● REQUIRED ACTION
After finding the line that holds "9月1日,人們從美國紐約時(shí)報廣" below, set down that line and the rest through the final one exactly, leaving the pictures out.

INFORMATION SUPPLIED section start

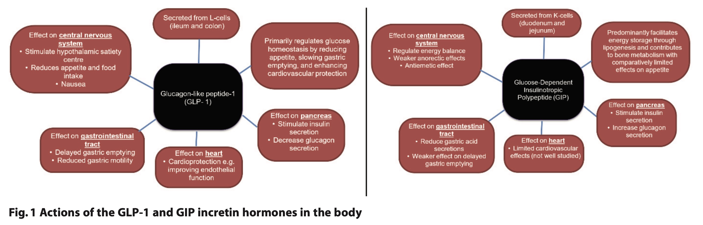 GLP-1 and GIP are incretin hormones released by the body in response to glucose.8 GLP-1 and GIP receptors may be found in the pancreas, central nervous system (CNS), heart and gastrointestinal tract, in addition GLP-1 receptors have been identified in the liver and kidneys (Figure 1).
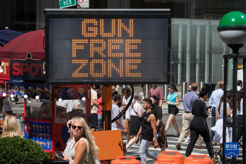 9月1日,人們從美國紐約時(shí)報廣場(chǎng)鄰近街區的“禁槍區”標志牌旁走過(guò)。
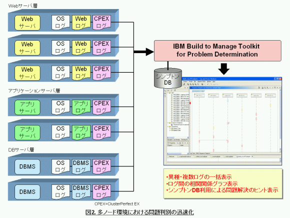 図1.サーバーリソース最適化によるアプリ応答時間の改善 ![]() 図2.多ノード環境における問題判別の迅速化 ![]() |

INFORMATION SUPPLIED section end

● PROBLEM SOLUTION
 9月1日,人們從美國紐約時(shí)報廣場(chǎng)鄰近街區的“禁槍區”標志牌旁走過(guò)。
 図1.サーバーリソース最適化によるアプリ応答時間の改善 ![]() 図2.多ノード環境における問題判別の迅速化 ![]() |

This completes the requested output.